• **Instructions for the task**:
Start with the line that holds "EC monitoring prevents". Please copy it and each remaining line below exactly, leaving pictures out.

Start of Block

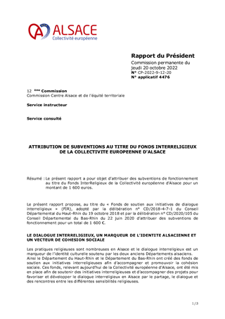 Le présent rapport a pour objet d'attribuer des subventions de fonctionnement au titre du Fonds InterReligieux de la Collectivité européenne d'Alsace pour un montant de 1 600 euros.
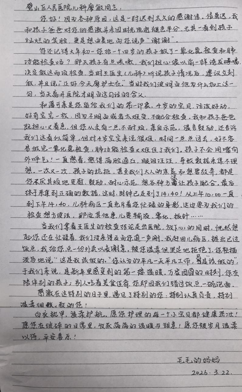 近日,一封来自患儿家属的感谢信送到了我院儿科,纸短情长,字里行间满是对儿科护士廖敏的感激与赞誉,也让这个春天的医患温情愈发动人。
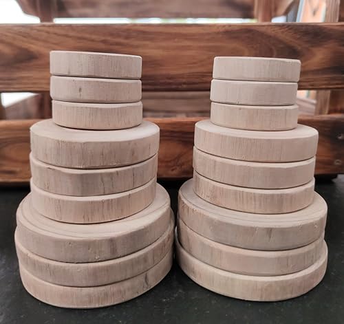 JAZZEEL - أقراص خشبية مستدامة من شجر هولز ميلر، أطباق خشبية يدوية الصنع وقواعد أكواب للحرف اليدوية، ألواح خشبية دائرية مزخرفة من جازيل (مختلطة)
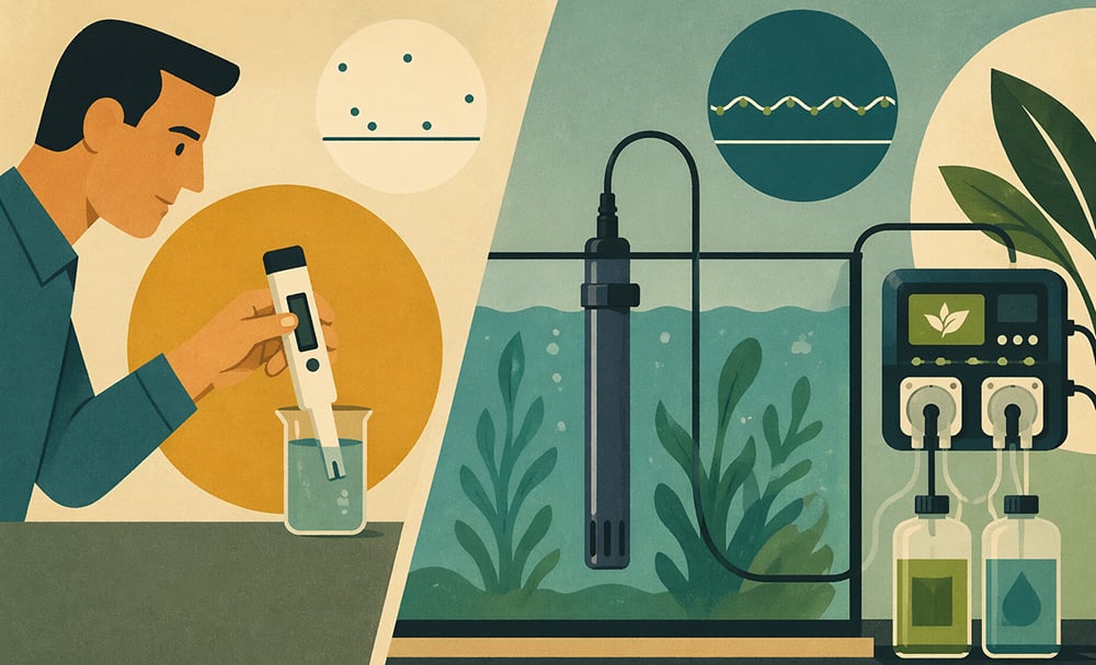 EC monitoring prevents both underfeeding and nutrient burn, which becomes critical because different mediums interact differently with nutrients. Coir’s CEC means initial EC readings may not reflect what’s actually available to plants, and continuous monitoring with lab-grade probes reveals these dynamics in real-time. Temperature affects both pH and nutrient solubility—a 5°C swing can shift your pH by 0.015 units and dramatically change how your plants access iron and phosphorus. Integrated temperature compensation ensures your readings reflect actual growing conditions, not laboratory standards.
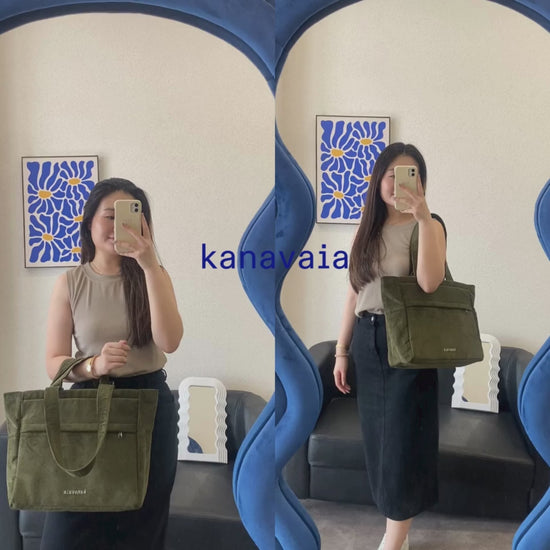 Kanavaia Double-Handle Corduroy Tote Bag Army Green
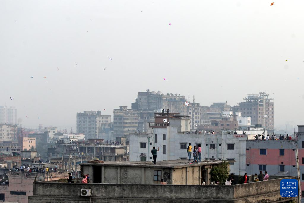 1月14日,在孟加拉国达卡,人们在屋顶放风筝。

End of Block

• **Written answer**:
 EC monitoring prevents both underfeeding and nutrient burn, which becomes critical because different mediums interact differently with nutrients. Coir’s CEC means initial EC readings may not reflect what’s actually available to plants, and continuous monitoring with lab-grade probes reveals these dynamics in real-time. Temperature affects both pH and nutrient solubility—a 5°C swing can shift your pH by 0.015 units and dramatically change how your plants access iron and phosphorus. Integrated temperature compensation ensures your readings reflect actual growing conditions, not laboratory standards.
 Kanavaia Double-Handle Corduroy Tote Bag Army Green
 1月14日,在孟加拉国达卡,人们在屋顶放风筝。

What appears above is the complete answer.